*** Begin section ***

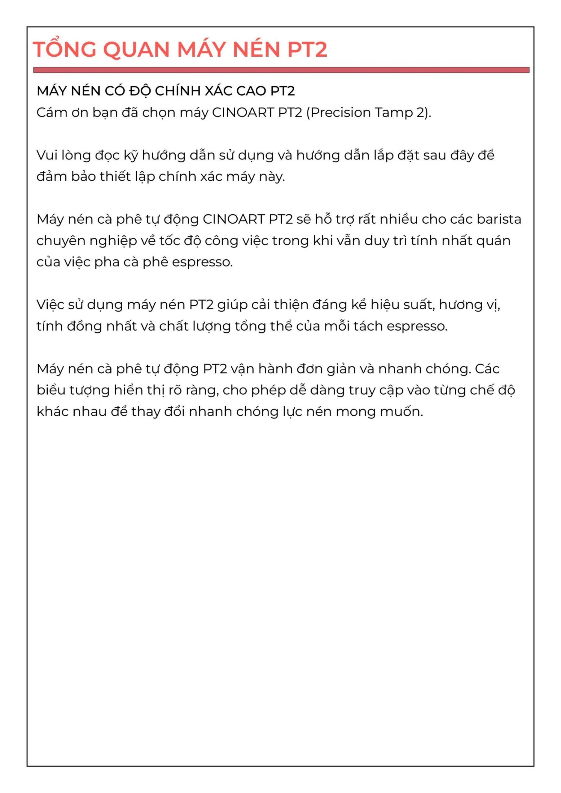 ✅ Lực nén đồng đều và liên tục: Máy nén tự động CINOART PT2 đảm bảo lực nén được thực hiện một cách đồng đều và liên tục, tạo ra một lớp cà phê đồng đều và chất lượng.
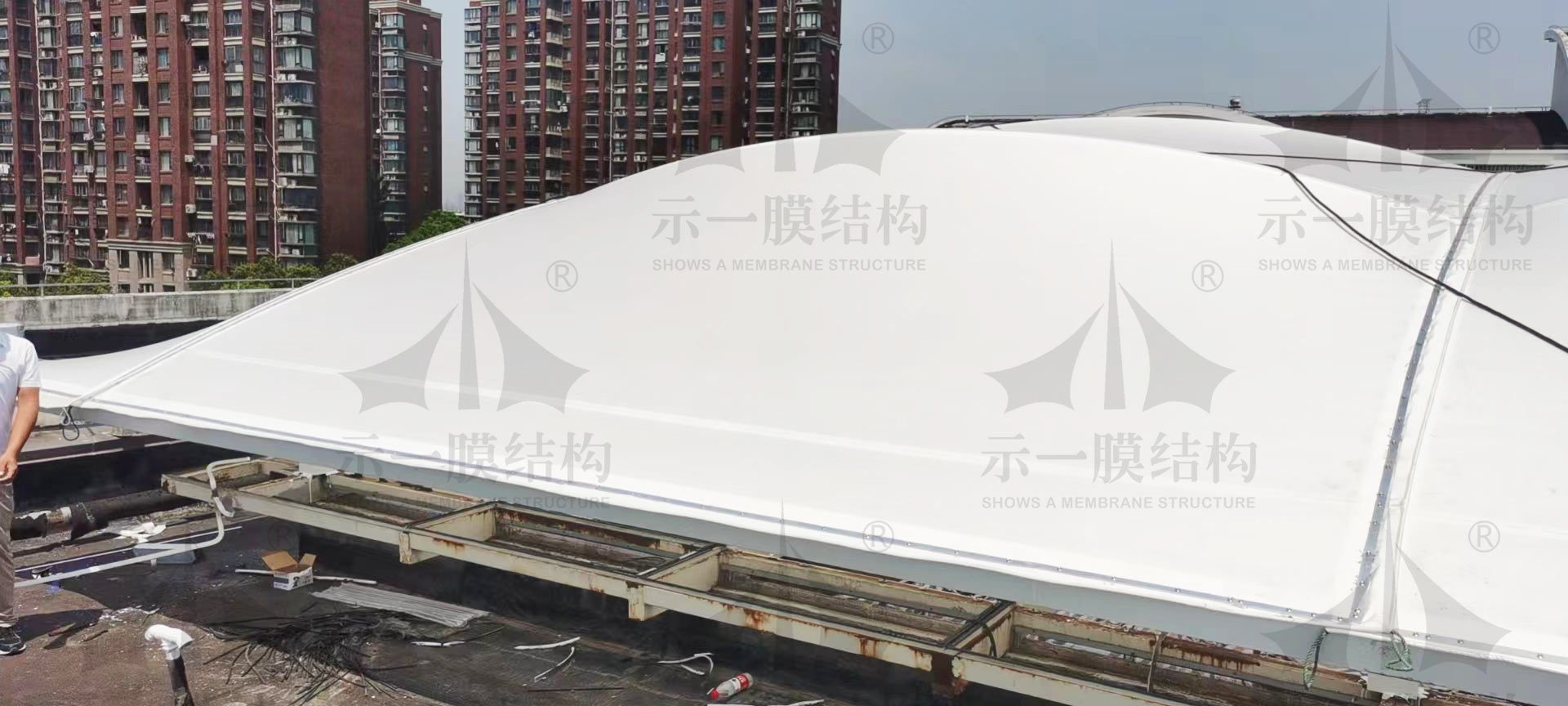 近期有上海示一膜結構承接的一個幼兒園膜結構采光頂棚即將進入收尾工作,此次工程地址是在青浦華新地區,膜材采用的是PVDF高透光建筑膜材,下面我們來介紹一下膜結構頂棚優勢有哪些呢?
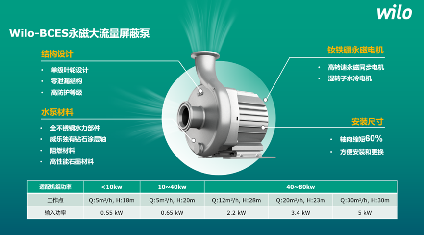 Wilo-BCES系列大流量永磁屏蔽泵产品,是专门面向严苛使用环境、高防护要求、高可靠性要求的储能温控配套定制水泵市场,针对非常有限的安装空间、设备泄漏风险、设备运行噪音高以及设备位置偏远为维修带来极大不便利性等行业痛点,Wilo-BCES系列产品极其紧凑的产品结构、零泄漏的运行保障、水冷电机的有效降低噪音以及IP68的超高防护等级,都将为储能温控行业设备商及终端用户带来更加安心的使用体验、更好的运行保障,以及更多的成本节约和对周边环境及人文安全的维护。
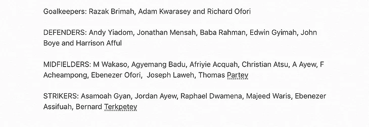 В число 26 игроков включен защитник «Анжи» Джонатан Менса. Не получили вызов Джеффри Шлупп («Лестер»), Квадво Асамоа («Ювентус»), Кевин-Принс Боатенг («Лас-Пальмас») и Салли Мунтари (без клуба).
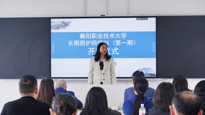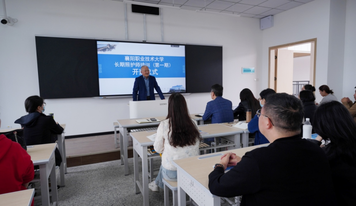 为响应国家长期照护人才培养号召,助力康养事业高质量发展,4月7日上午,襄阳职业技术大学第一期长期照护师培训开班仪式,在高铁南路校区广济楼508教室举行。作为襄阳市医保局和襄阳市人社局指定职业技能培训机构,此次培训开班,标志着长期照护师专业化培训工作正式落地。医学院党总支书记何娟、院长张家忠、副院长李琦,继续教育学院副院长蔡保、护理专业主任王秋月及培训师资团队出席仪式。
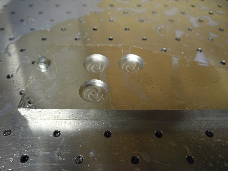 Did a few test cuts, 30mm dia pockets at 5mm deep, cutting 1mm at a time with a 6mm HSS 2 flute slot drill. Spindle running at 4000rpm with a feedrate of 800mm/min. Noticeable difference now it is flooded with coolant.

*** End section ***

## Action item
Set down exactly, and only, the lines from the one holding "В число 26 игроков" to the end of the records above, leaving every picture out.

## Task solution
 В число 26 игроков включен защитник «Анжи» Джонатан Менса. Не получили вызов Джеффри Шлупп («Лестер»), Квадво Асамоа («Ювентус»), Кевин-Принс Боатенг («Лас-Пальмас») и Салли Мунтари (без клуба).
 为响应国家长期照护人才培养号召,助力康养事业高质量发展,4月7日上午,襄阳职业技术大学第一期长期照护师培训开班仪式,在高铁南路校区广济楼508教室举行。作为襄阳市医保局和襄阳市人社局指定职业技能培训机构,此次培训开班,标志着长期照护师专业化培训工作正式落地。医学院党总支书记何娟、院长张家忠、副院长李琦,继续教育学院副院长蔡保、护理专业主任王秋月及培训师资团队出席仪式。
 Did a few test cuts, 30mm dia pockets at 5mm deep, cutting 1mm at a time with a 6mm HSS 2 flute slot drill. Spindle running at 4000rpm with a feedrate of 800mm/min. Noticeable difference now it is flooded with coolant.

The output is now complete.